LEBAK, RADARBANTEN.CO.ID – Kabar gembira datang untuk Kabupaten Lebak. Empat warisan budaya asal Lebak menjadi Warisan Budaya Tak Benda (WBTB) Kementerian Pendidikan, Kebudayaan, Riset dan Teknologi (Kemdikbudristek) RI.
Empat budaya dan kearifan lokal tersebut adalah kue Jojorong, Carita Pantun Baduy, kacapi Buhun,.dan golok Sajira.
Penetapan ini membantu melindungi warisan budaya dari kepunahan, memastikan transmisi antar generasi, dan meningkatkan kesadaran serta penghargaan masyarakat terhadap budaya lokal.
Kue Jojorong khas Lebak dikenal sebagai hidangan tamu kesultanan. Kue ini terbuat dari tepung beras dengan wadah dari daun dan di dalamnya terdapat gula aren.
Kue Jojorong tersebar di wilayah Kabupaten Lebak dan Pandeglang.
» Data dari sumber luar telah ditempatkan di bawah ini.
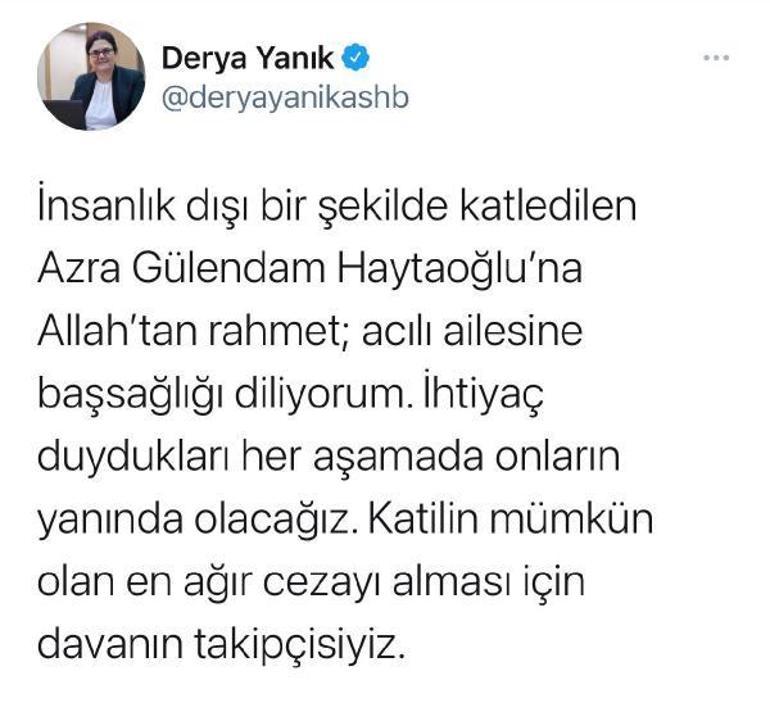 Yanık, i̇nsanlık dışı bir şekilde katledilen azra gülendam haytaoğlu'na allah'tan rahmet, acılı ailesine başsağlığı diliyorum. Antalya'da kaybolan üniversite öğrencisi azra gülendam haytaoğlu'nun cansız bedeni bulundu. .i̇letişim fakültesi gazetecilik bölümü öğrencisi olan azra gülendam haytaoğlu'nun cinayet haberi tüm türkiye'yi yasa boğdu. İhtiyaç duydukları her aşamada onların yanında olacağız. Haytaoğlu'nun cinayete kurban gitmesine kadın örgütleri tepki gösterdi.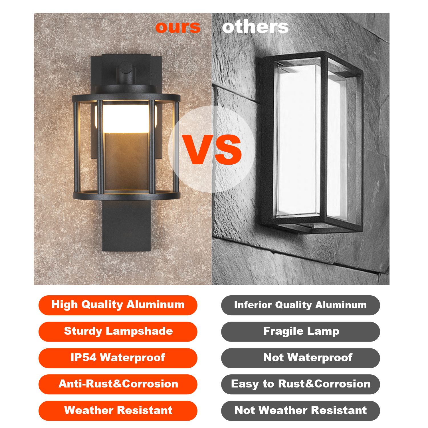 3.Weather Resistant & Durable:Our outdoor wall sconce is IP44 grade waterproof and durable enough to withstand any weather changes, The outdoor wall lantern is constructed with high quality aluminum which effectively prevent from rustiness or corrosion, ideal for any outdoor environment . Even it is rain, snow, ultra-high or low temperatures, this outdoor wall lamp will always remain bright and new. Ideal for entryway, doorway, foyer, corridor, balcony, patio and porch.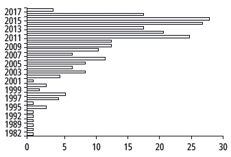 Se introdujeron en la búsqueda las categorías Economic relationship AND international business. Los resultados iniciales de búsqueda fueron filtrados temáticamente para seleccionar solo artículos publicados en revistas científicas relacionados. Además, se excluyeron otros tipos de documentos como conference papers, book chapters, books, editorials and reviews. El proceso de filtrado redujo el número inicial de resultados de 1300 artículos. Luego, se definió una ventana de observación entre 1982-2017, que incluyó una selección final de 250 artículos. Se conformó una base de datos con los títulos, abstracts, autores, revista, país y año de publicación de los artículos seleccionados, que luego fueron tratados en el programa wordstat 7.1.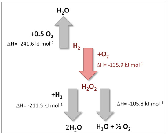 H2O2 direct synthesis can potentially halve the cost with respect to the anthraquinone commercial process, resulting in a much lower environmental impact, also due to the possibility to avoid chlorine for oxidation chemistry [1,4]. In addition, the direct synthesis reaction has the potential to produce inexpensive H2O2 at the mid-scale in geographically distributed facilities, because such facilities would have much lower capital and operating costs than Riedl-Pfleiderer plants with comparable dimension [5,6]. Nevertheless, no alternative process for H2O2 direct synthesis has yet been marketed, despite several published patents [2,7,8,9,10,11] and literature papers [10,12,13,14,15,16,17,18,19,20,21,22,23,24,25]. Indeed, selectivity is still far from being high and must be significantly improved for a successful industrial exploitation. Indeed, water is the most thermodynamically favoured product (as shown in Figure 2) and the H2-O2 gas mixtures are explosive in a very broad range of compositions (4–96%), posing severe limitations to the practicability of the process under safe conditions.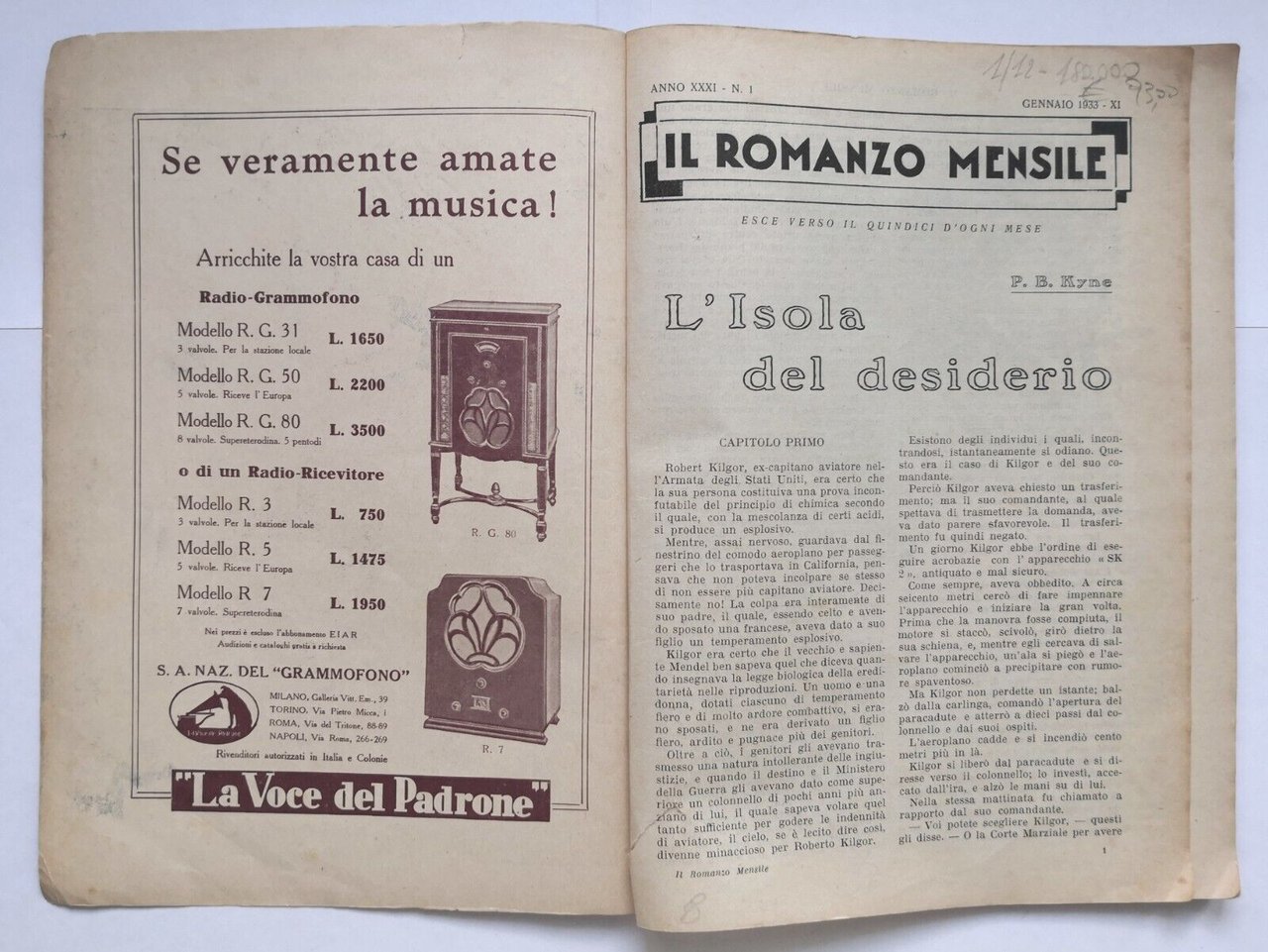 L'ISOLA DEL DESIDERIO di P. B. Kyne. Rivista "Il romanzo mensile" Numero 1 gennaio 1933.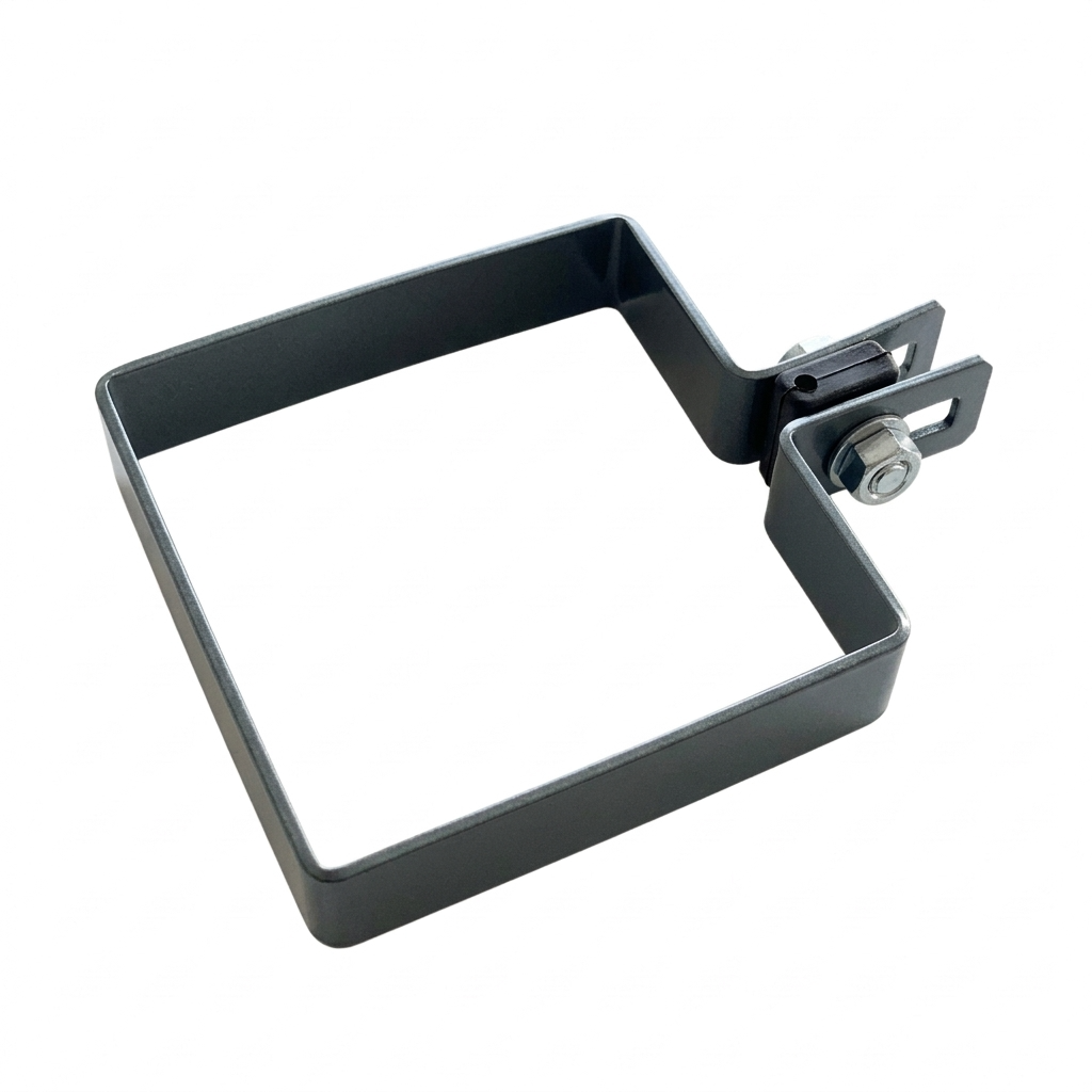 Endschelle für Zaunpaneele zur Befestigung von Gittern und Paneelen an Pfosten mit Querschnitt 100×100 mm. Das komplette Montageset ermöglicht eine schnelle und sichere Montage von Zäunen sowohl bei privaten als auch bei gewerblichen Projekten – ohne die Notwendigkeit der separaten Beschaffung von Schrauben und Distanzstücken.

Rasa manis, lembut, dan pulen menjadikan kue ini sangat enak.
Carita Pantun Baduy merupakan tradisi lisan dari masyarakat adat Baduy.
Biasanya, tradisi Carita Pantun Baduy akan disampaikan pada saat dilakukan tradisi dan adat masyarakat Baduy.
Kacapi Buhun merupakan alat musik khas Baduy. Alat musik tradisional ini hanya ditemukan di Baduy.
Alat musik ini digunakan sebagai sarana ritual adat ketika hendak menanam padi, membangun rumah, atau untuk acara tertentu seperti pernikahan.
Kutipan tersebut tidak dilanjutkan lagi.